**Exercise details**:
Return all the data verbatim but without images.

**Recorded data**:
<<<<

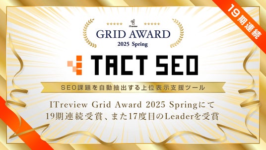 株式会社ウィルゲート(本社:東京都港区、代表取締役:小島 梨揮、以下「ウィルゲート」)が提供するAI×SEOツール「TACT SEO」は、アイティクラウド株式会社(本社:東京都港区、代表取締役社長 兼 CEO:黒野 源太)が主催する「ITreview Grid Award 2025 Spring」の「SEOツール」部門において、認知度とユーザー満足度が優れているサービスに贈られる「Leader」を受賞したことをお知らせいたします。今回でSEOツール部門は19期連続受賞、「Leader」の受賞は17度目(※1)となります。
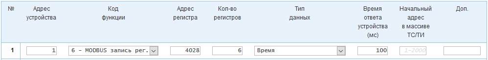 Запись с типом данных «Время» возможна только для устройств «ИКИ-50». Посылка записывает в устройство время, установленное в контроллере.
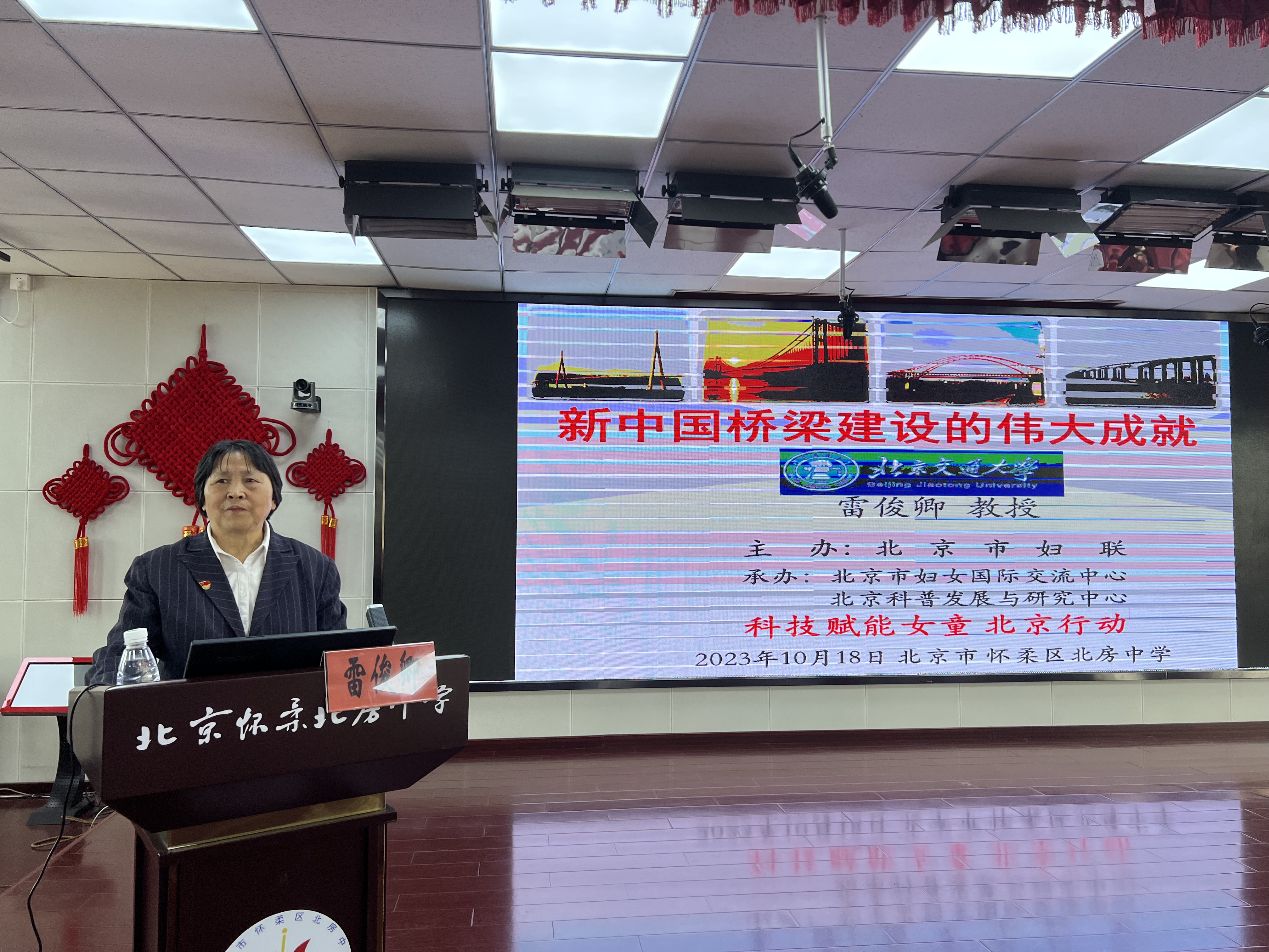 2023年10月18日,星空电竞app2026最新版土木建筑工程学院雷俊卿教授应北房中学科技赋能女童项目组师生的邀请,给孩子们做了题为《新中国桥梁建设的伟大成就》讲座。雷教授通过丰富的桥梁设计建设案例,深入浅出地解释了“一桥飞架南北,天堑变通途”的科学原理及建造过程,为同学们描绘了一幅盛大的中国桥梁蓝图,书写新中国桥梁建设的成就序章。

>>>>

**Response**:
 株式会社ウィルゲート(本社:東京都港区、代表取締役:小島 梨揮、以下「ウィルゲート」)が提供するAI×SEOツール「TACT SEO」は、アイティクラウド株式会社(本社:東京都港区、代表取締役社長 兼 CEO:黒野 源太)が主催する「ITreview Grid Award 2025 Spring」の「SEOツール」部門において、認知度とユーザー満足度が優れているサービスに贈られる「Leader」を受賞したことをお知らせいたします。今回でSEOツール部門は19期連続受賞、「Leader」の受賞は17度目(※1)となります。
 Запись с типом данных «Время» возможна только для устройств «ИКИ-50». Посылка записывает в устройство время, установленное в контроллере.
 2023年10月18日,星空电竞app2026最新版土木建筑工程学院雷俊卿教授应北房中学科技赋能女童项目组师生的邀请,给孩子们做了题为《新中国桥梁建设的伟大成就》讲座。雷教授通过丰富的桥梁设计建设案例,深入浅出地解释了“一桥飞架南北,天堑变通途”的科学原理及建造过程,为同学们描绘了一幅盛大的中国桥梁蓝图,书写新中国桥梁建设的成就序章。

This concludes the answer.